──────── Entries supplied ────────

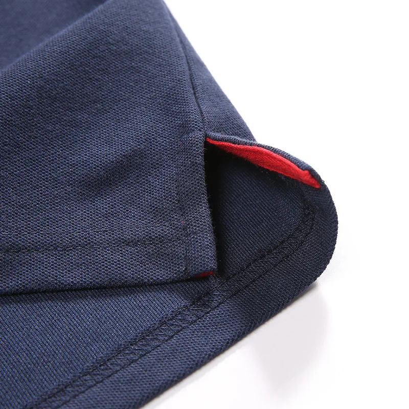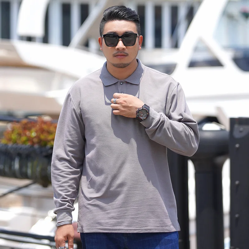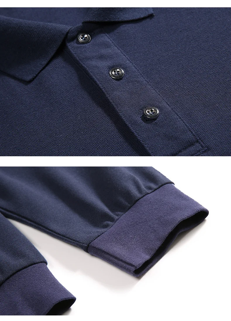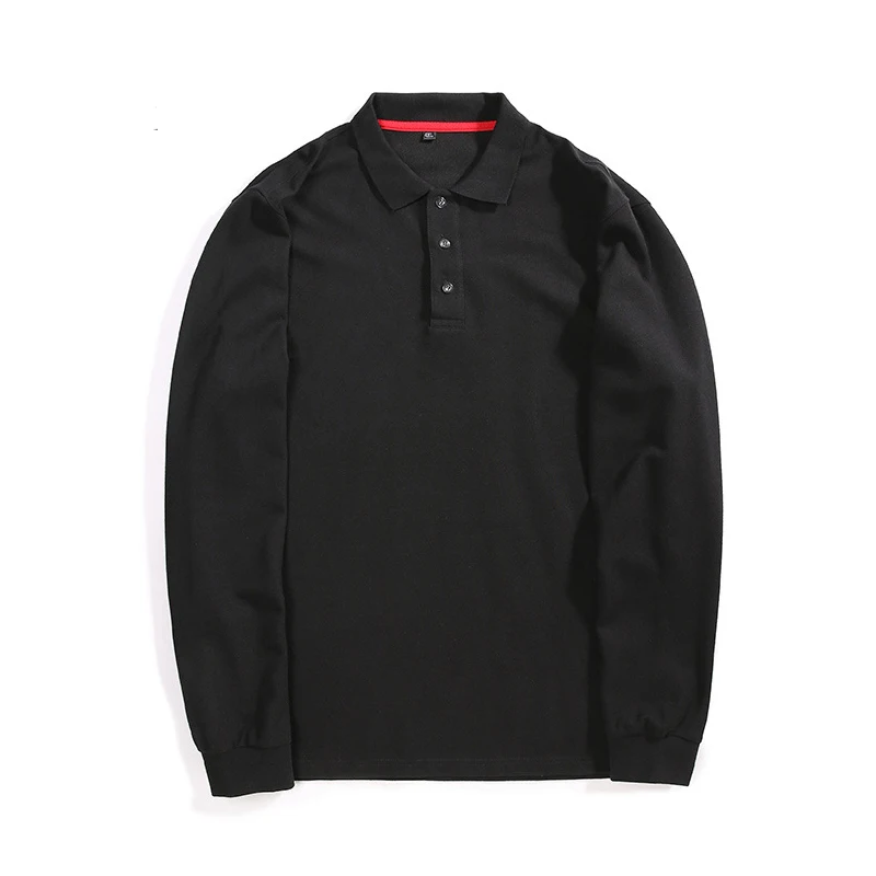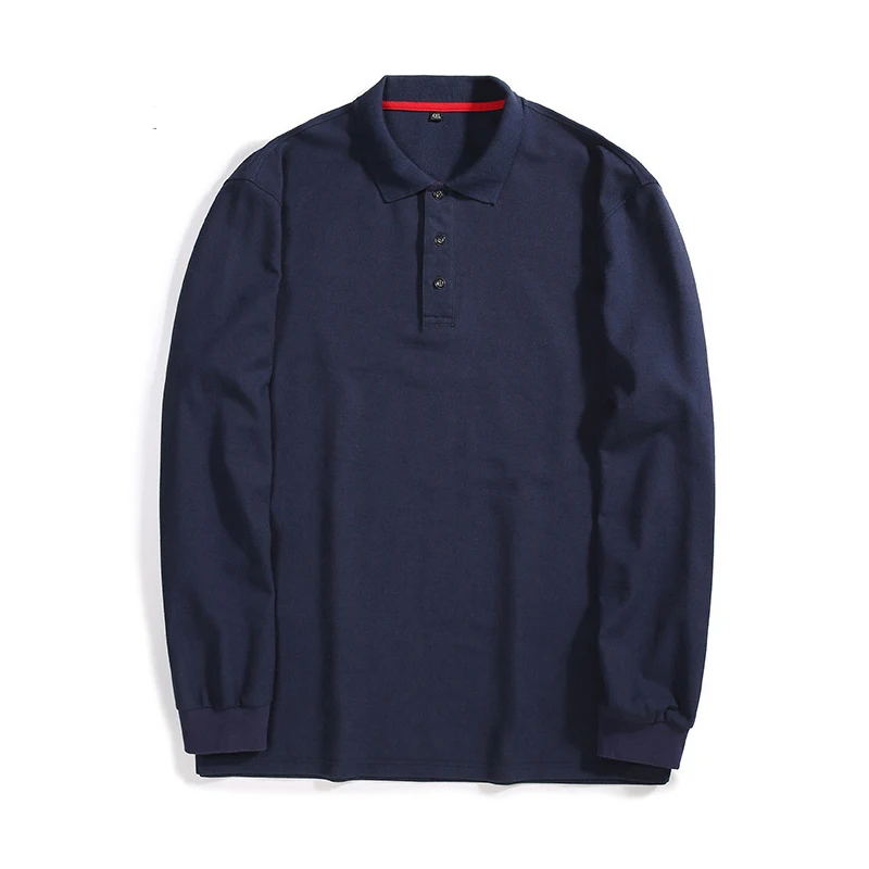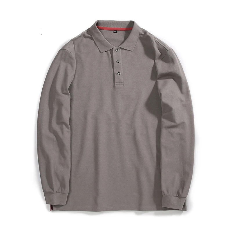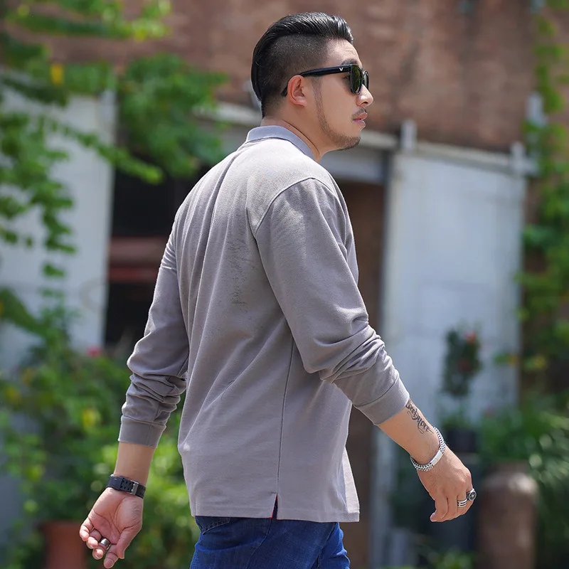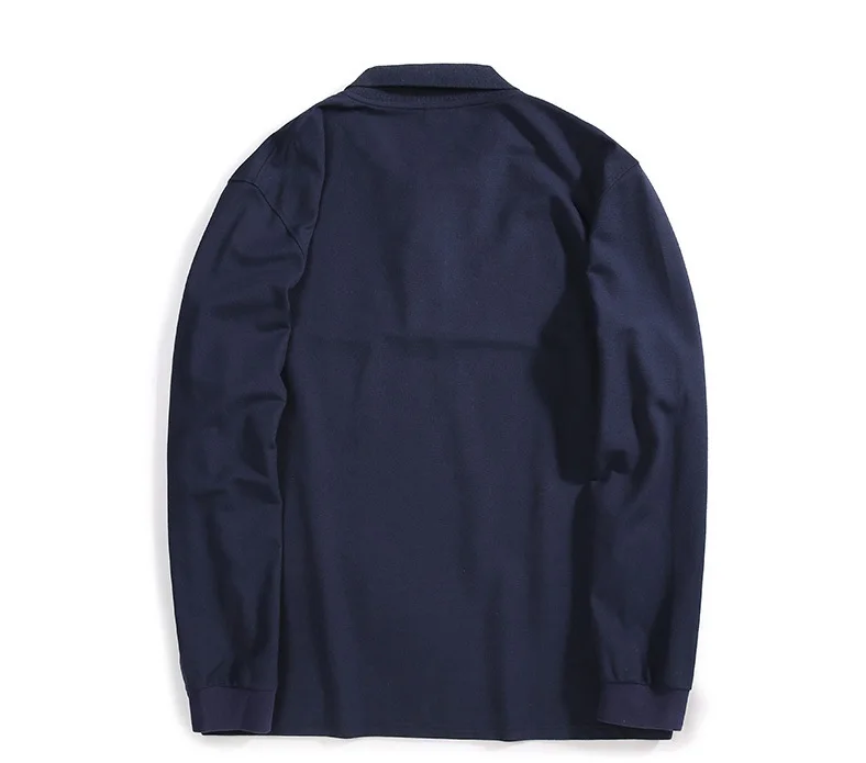 Рубашка-поло мужская хлопковая с воротником-стойкой и длинным рукавом, с V-образным вырезом
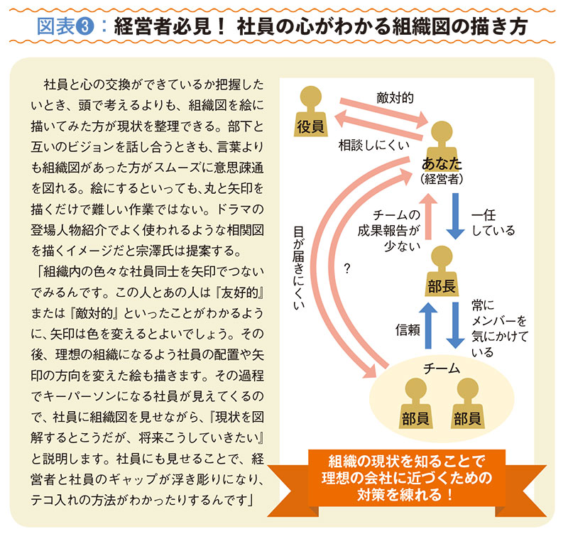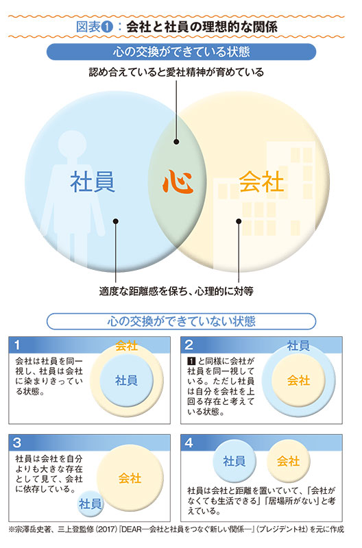 心理学の博士号を持つ、株式会社Assatte代表の宗澤岳史氏は、経営者が社員の「心」をいかに満たすかが愛社精神を育む上でキーになると解説する。「雇用に問題を抱えている会社は、社員の心をぞんざいに扱い、信頼関係を築けていないケースが多々見受けられます。報酬と労働力の交換だけで成り立っている関係だと、社員は給与が下がった場合、仕事へのモチベーションが激減します。さらに、いま勤めている会社より給与が高い会社に転職してしまいかねません。もちろん物質的なサポートは必要ですが、会社サイドが普段からいかに社員を精神面で支えられているかが、社員を会社に留めさせる決め手となるのです」
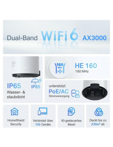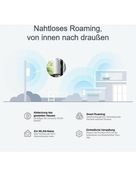Com um design exterior resistente a intempéries, o Deco X50 Outdoor é ideal para uso em jardins, pátios e outras áreas exteriores. A sua construção robusta garante que a unidade funcione de forma confiável em condições climáticas adversas. O alcance da cobertura Wi-Fi é impressionante, alcançando até 230 m², assegurando que todos os seus dispositivos se mantenham conectados, independentemente da sua localização.
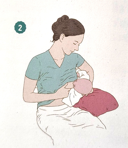 2 수유하고자 하는 쪽의 팔에 아기의 머리를
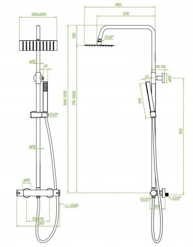 KOLUMNA NATRYSKOWA Z BATERIĄ TERMOSTATYCZNĄ PLA_00TD
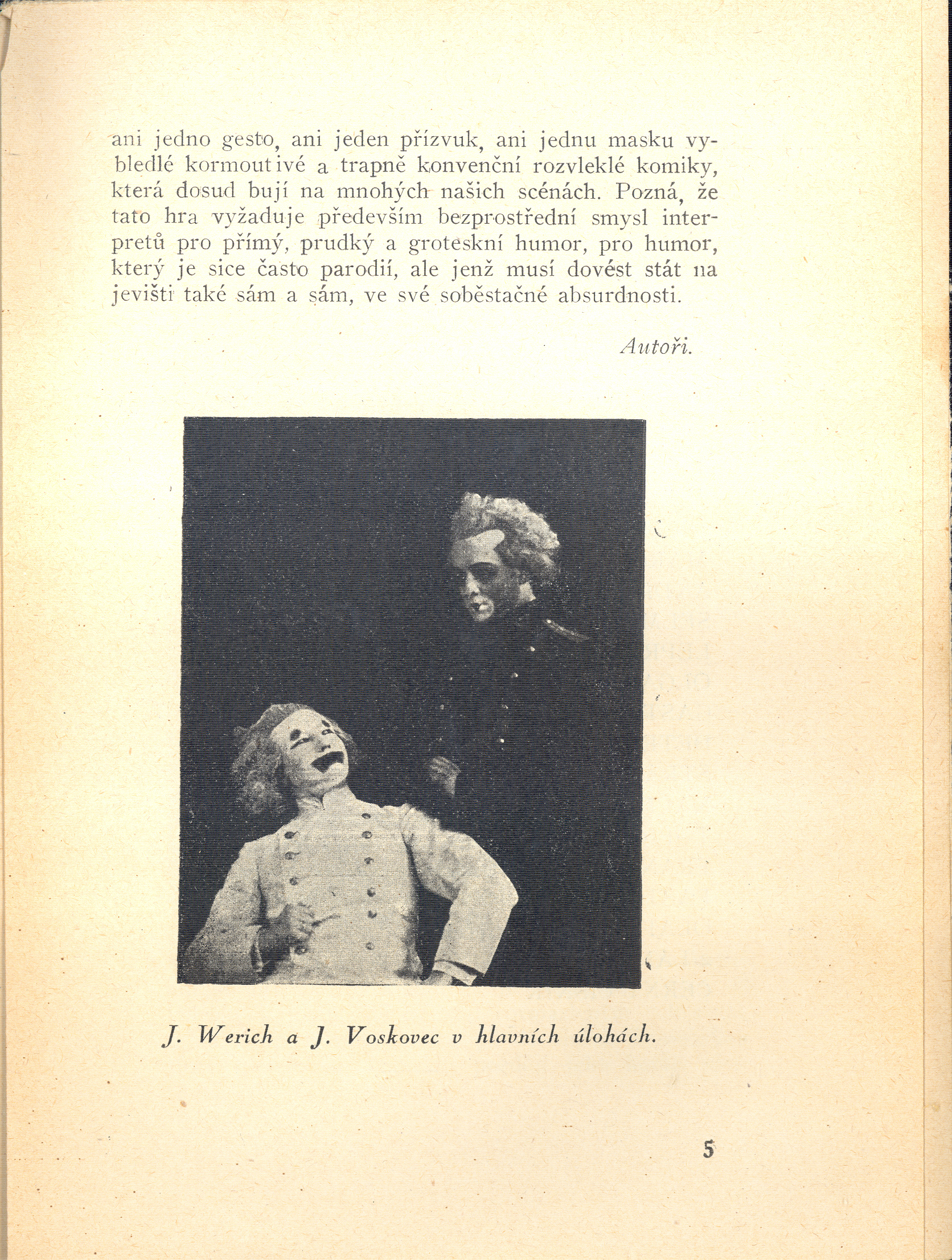 U sign. P 131 d 11 původní dvoubarevná obálka s fotografiemi (K. Teige? - neuvedeno). - Na titulním listě edice, ruční vpisek perem: P. Mařánkovi systematicky a srdečně Jiří Voskovec, Praha 28.V.28. - Na rubu titulního listu tiskárna. - Předmluva autorů s 1 černobílou fotografií ze hry. - Bez tiráže. - Upoutávky na další díla. - Na zadní straně dvoubarevné obálky (černo-zelená), (grafická úprava K. Teige - neuvedeno) upoutávky s reprodukcí 1 ilustrace (O. Mrkvička). - Výtisk v původní, zachovalé obálce, v krajích mírně zohýbané.
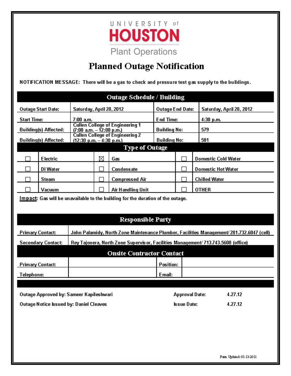 [CCoE Notice] GAS OUTAGE NOTIFICATION- BUILDINGS (#579, 581)- 4.28.12-4.28.12
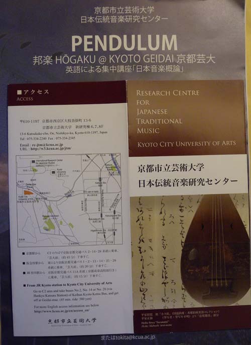 나는 진행 중인 연구 테마의 콘텍스트를 찾아 여기로 온 것이다. 우리 음악과 함께 일본음악, 중국음악은 그 핵심이었다. 그간 해오던 공부를 마무리하려니 그런 것들에 대한 무지가 나를 씁쓸하게 했다. 아무리 현란한 분석의 칼날을 들이댄들 콘텍스트를 고려하지 않은 텍스트가 무슨 의미를 가질 수 있을까. 대충 덮어 둘까 고민하던 중 국악학회에서 이메일이 날아왔다. 교토시립예술대학 일본전통음악연구센타의 ‘일본음악 집중강좌’ 소식이었다. 매력적인 내용의 강의 소식이 그 연구소의 홈피에 일목요연하게 올라 있었다. 망설일 필요가 없었다. 즉시 신청하고 센터의 디렉터이자 강의자인 앨리슨 토키타(Alison Tokita) 박사와 이메일을 주고받기 시작했다.[그는 토키타란 일본인과 결혼하여 토키타란 성을 사용하고 있었다. ‘토키타 센세이’ 혹은 ‘토키타 박사’란 명칭으로 불러주길 원했다. 이하 토키타 선생이라 부른다.] 별 반응을 기대하지 않던 한국에서 누군가가 온다 해서 그랬을까. 아니면 여러 가지의 내 물음들에서 다소간의 어떤 진지함이 느껴져서 그랬을까. 득달같은 답신 메일들로부터 갈수록 끈끈한 정이 묻어나왔다. 귀찮은 숙소 문제까지 슬쩍 떠넘기자, 학교 가까운 곳의 호텔을 찾아 예약과 확인까지 해주는 게 아닌가. ‘동양인으로 바뀐 서양인이다!’라고 나름대로 결론을 내린 것도 그 때문이었다.
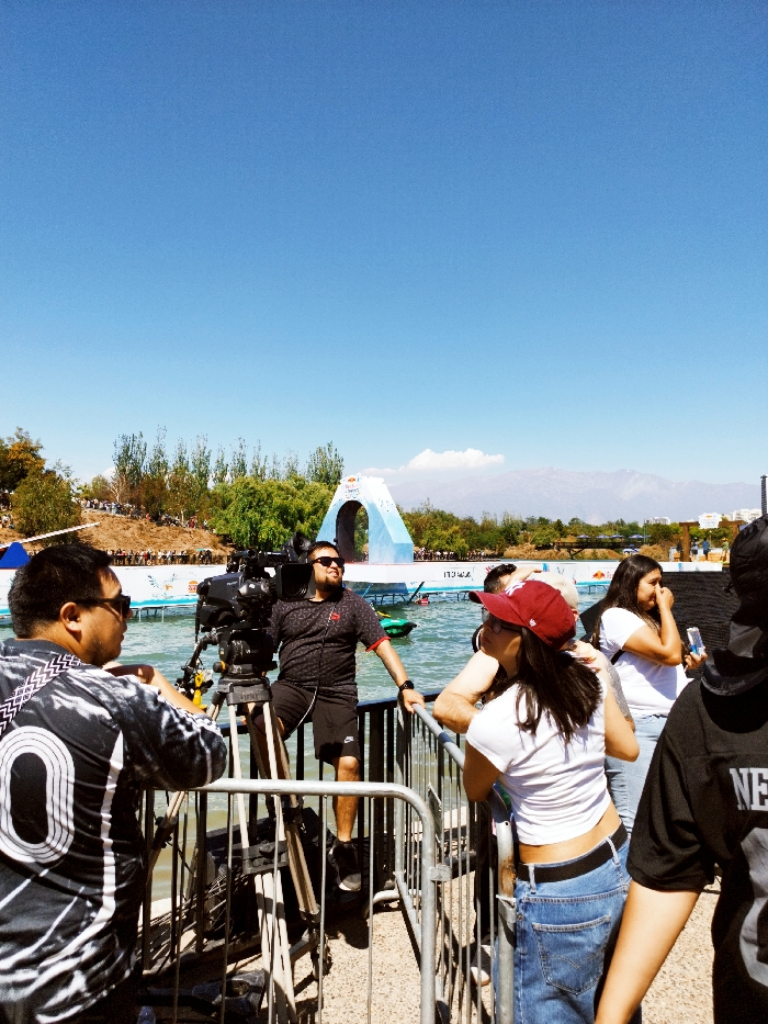 At a waterside event, a cameraman operates a professional camera on a tripod, facing the water where kayakers compete. A crowd gathers behind a barrier to watch the competition. In the background, there's an archway branded with "Red Bull," likely the finish line. Other trees and mountains are visible in the far distance under a clear blue sky. Various spectators stand near the barrier, observing the event, while someone on the left is wearing a jersey.
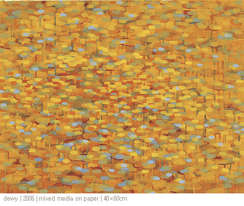 화면에는 일정한 크기의 원형(타원형)들의 구성이 이뤄내는 미묘한 균형과 긴장이 있다. 캔버스에 동그라미들이 첨가될 때마다 변화하는 긴장과 균형의 관계는 색에 의하여 수축, 팽창을 거듭 하면서 화면 전체가 모종의 에너지를 발산하게 한다. 그래서 색의 에너지에 의해 우리의 감각과 신체가 자연스럽게 감응한다. 저 안으로 은연중 빨려 들어가고 함께 흐르고 이동하고, 그리고 숱한 변화를 겪고 부침하고 넘나드는 순간들을 만난다.

────────

Directions
Repeat the lines above exactly, beginning with the one containing "心理学の博士号を持つ、株式会" and finishing with the one containing "KOLUMNA NATRYSKOWA Z". No pictures belong in the copy.

Solution
 心理学の博士号を持つ、株式会社Assatte代表の宗澤岳史氏は、経営者が社員の「心」をいかに満たすかが愛社精神を育む上でキーになると解説する。「雇用に問題を抱えている会社は、社員の心をぞんざいに扱い、信頼関係を築けていないケースが多々見受けられます。報酬と労働力の交換だけで成り立っている関係だと、社員は給与が下がった場合、仕事へのモチベーションが激減します。さらに、いま勤めている会社より給与が高い会社に転職してしまいかねません。もちろん物質的なサポートは必要ですが、会社サイドが普段からいかに社員を精神面で支えられているかが、社員を会社に留めさせる決め手となるのです」
Com um design exterior resistente a intempéries, o Deco X50 Outdoor é ideal para uso em jardins, pátios e outras áreas exteriores. A sua construção robusta garante que a unidade funcione de forma confiável em condições climáticas adversas. O alcance da cobertura Wi-Fi é impressionante, alcançando até 230 m², assegurando que todos os seus dispositivos se mantenham conectados, independentemente da sua localização.
 2 수유하고자 하는 쪽의 팔에 아기의 머리를
 KOLUMNA NATRYSKOWA Z BATERIĄ TERMOSTATYCZNĄ PLA_00TD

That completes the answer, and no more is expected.